Yes, I know I should be getting comfortable with cURL, that's my next step.

Any tips or info on this would be great though, thanks!

erect · Jun 11, 2009

just run multiple scrapes together in the same variable then dump it as you see fit.

example:

$scrape = file_get_contents('hxxp://mysite.com/1.php') ;
$scrape .= file_get_contents('hxxp://mysite.com/2.php') ;
$scrape .= file_get_contents('hxxp://mysite.com/3.php') ;

file_put_contents('scrape.txt',$scrape) ;

if it's a line separated file, you might have to manually add a line break after each scrape.

Rage9 · Jun 11, 2009

Been working on some scraping tutorials:
Noobie Scraping Guide | MadPPC

Hope they help.

elime · Jun 11, 2009

Thanks for the info, Erect. Rage, I'm checking out your guides now.

DewChugr · Jun 11, 2009

You should be able to scrape the page numbers/links and then loop through all of them.

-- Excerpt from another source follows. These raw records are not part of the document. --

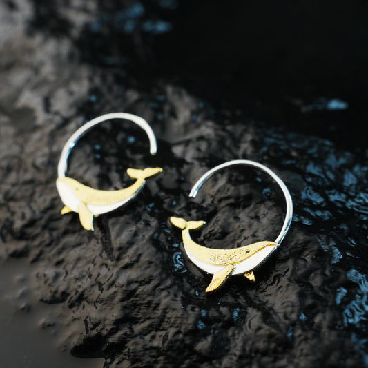 Whale Stud Earrings – Gold & Silver Two-Tone Animal Totem Jewelry, Spiritual Ocean Lover Gift
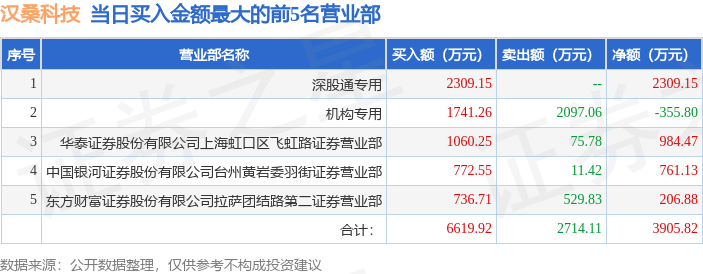 证券之星消息,沪深交易所2025年9月22日公布的交易公开信息显示,汉桑科技(301491)因日换手率达到30%的前5只证券登上龙虎榜。此次是近5个交易日内第1次上榜。
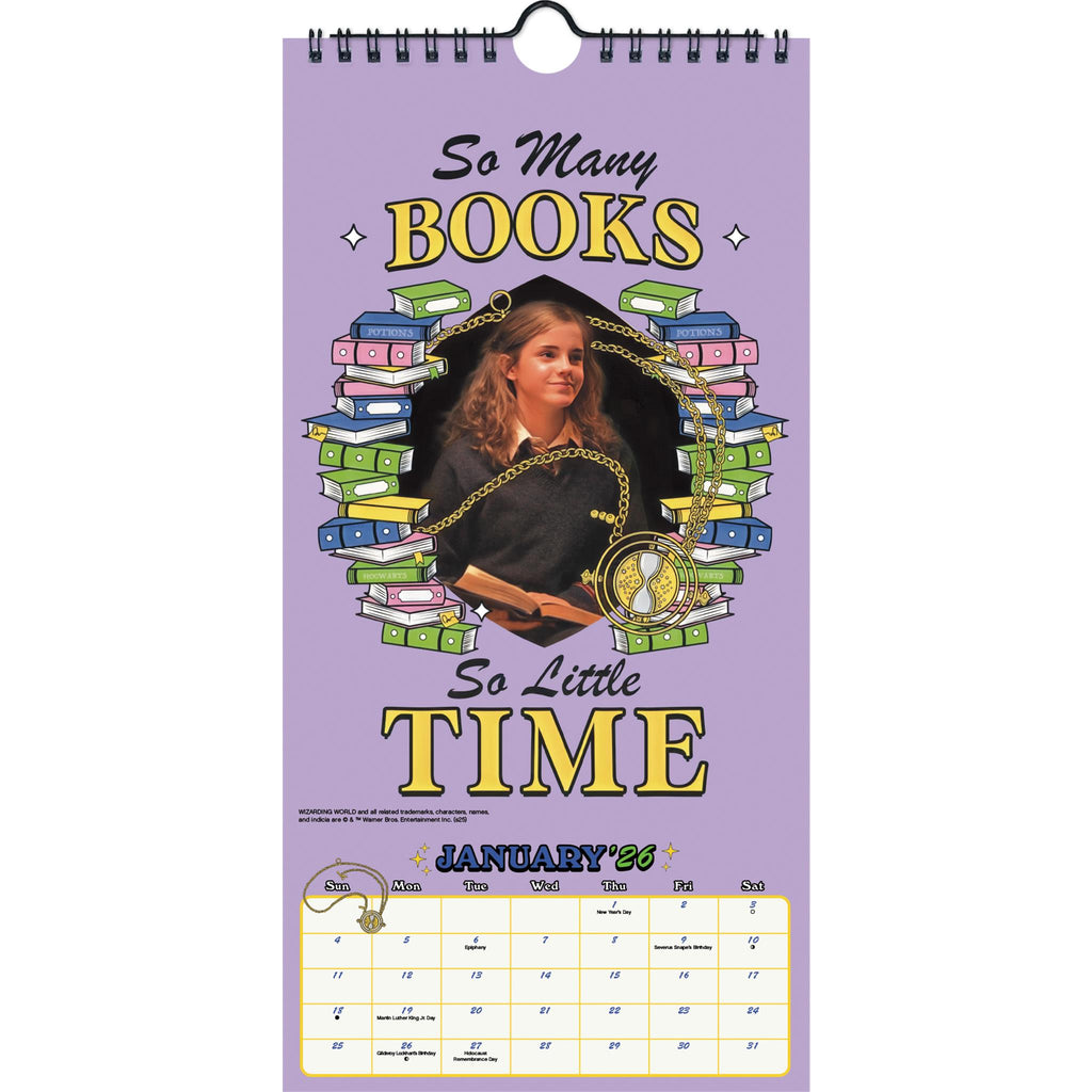 Du Quidditch aux Maunders et à leur carte du monde, Poudlard est l'école dont tout le monde rêve. Mais si vous n'avez pas reçu votre invitation, vous pouvez tout de même passer l'année à l'école de sorcellerie grâce au mini-calendrier Harry Potter 2026, orné d'illustrations célébrant la saga. Idéal pour les petits espaces, ce mini-calendrier de 16 mois comprend des pages mensuelles de janvier à décembre 2026, ainsi qu'une page regroupant les quatre derniers mois de 2025. Chaque page mensuelle indique les jours fériés et les phases de la lune. Les pages détachables et perforées se transforment en 13 posters muraux de haute qualité. La reliure spirale Wire-O est munie d'un crochet pour une suspension facile : parfait pour décorer votre mur, un tableau en liège ou votre casier, à la maison, à l'école ou au bureau.
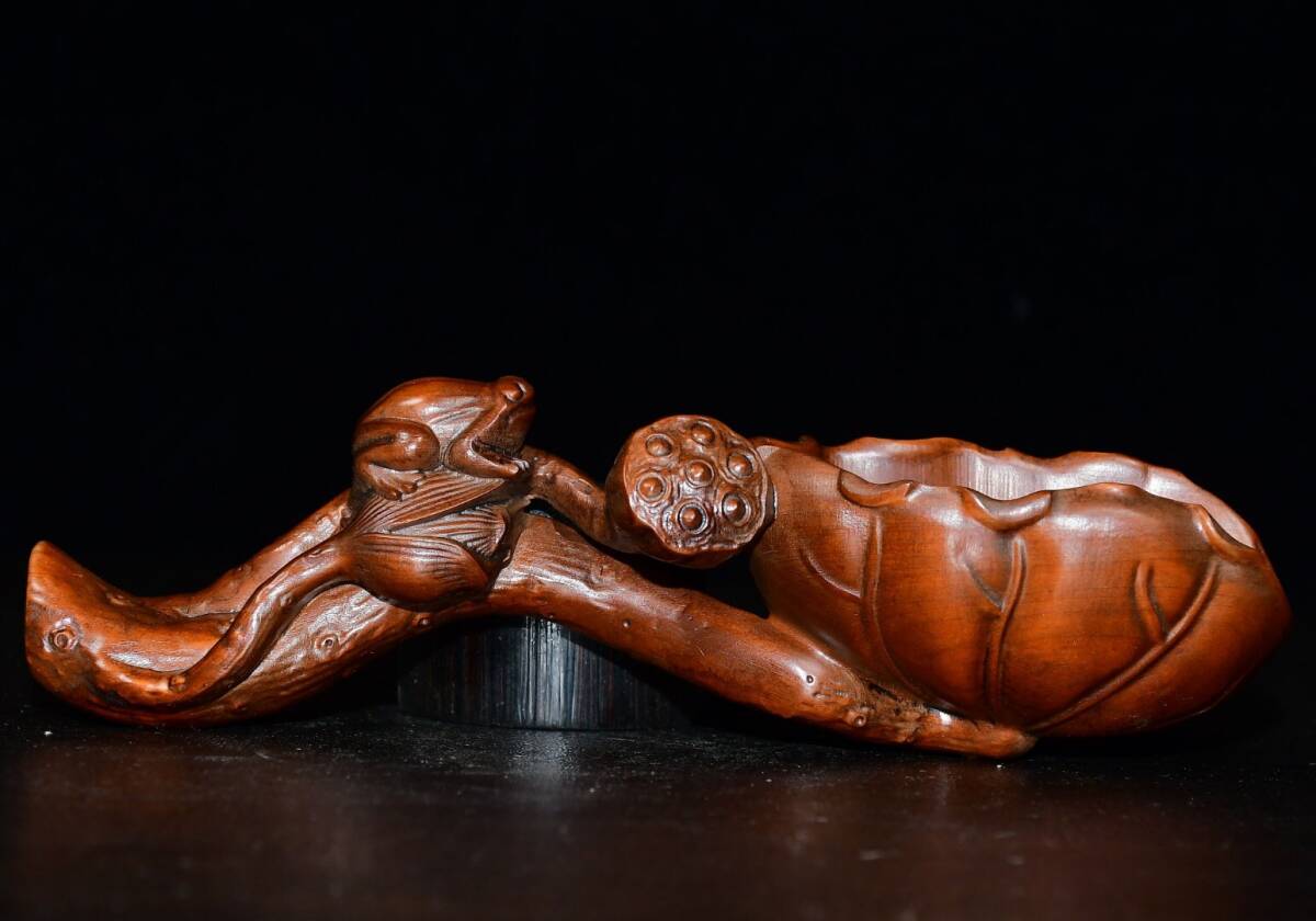 - 蔵友旧蔵出 黄楊木製 細密彫 青蛙荷葉 茶勺 供養品 置物擺件 古賞物 中国古玩 中国古美術品
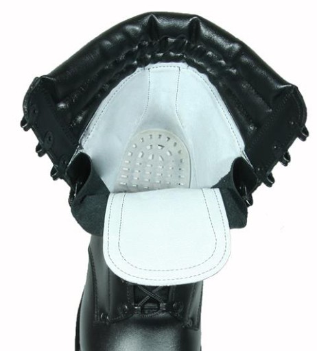 Wysoko założony nosek co zapobiega w czasie użytkowania mechanicznym uszkodzeniom skóry na nosku.

BradleyT2p2 · Jun 12, 2009

Make your scraper a function that takes in a URL. Then do whatever kind of looping necessary to pass in all the URLs.

machinecontrol · Jun 12, 2009

Take a look at the curl_multi functions, easy multithreading with curl, much much faster than doing it in serial.

shrak · Jun 21, 2009

If you want to load urls from a txt file and scrape the html, try something like this

Code:

<?php

$file ="yourfile.txt"; //file that contains your links

$links=file_get_contents($file);

foreach($links as $link)

{

$link=trim($link);


$htmlfile = fopen("htmlfile.txt",'a'); /* all your scraped html content will be in this file */

$html = file_get_contents($link);

fwrite($htmlfile,$html);


}

?>

teampl4y4 · Jun 21, 2009

Has anyone built a php based parser to remove in line scripts.. strip_tags has it's limitations.

shaggz · Jun 21, 2009

teampl4y4 said:
Has anyone built a php based parser to remove in line scripts.. strip_tags has it's limitations.

something like?

Code:

$result = preg_replace('%<script.+?>.+?</script>%si', '', $subject);

shaggz · Jun 21, 2009

machinecontrol said:
Take a look at the curl_multi functions, easy multithreading with curl, much much faster than doing it in serial.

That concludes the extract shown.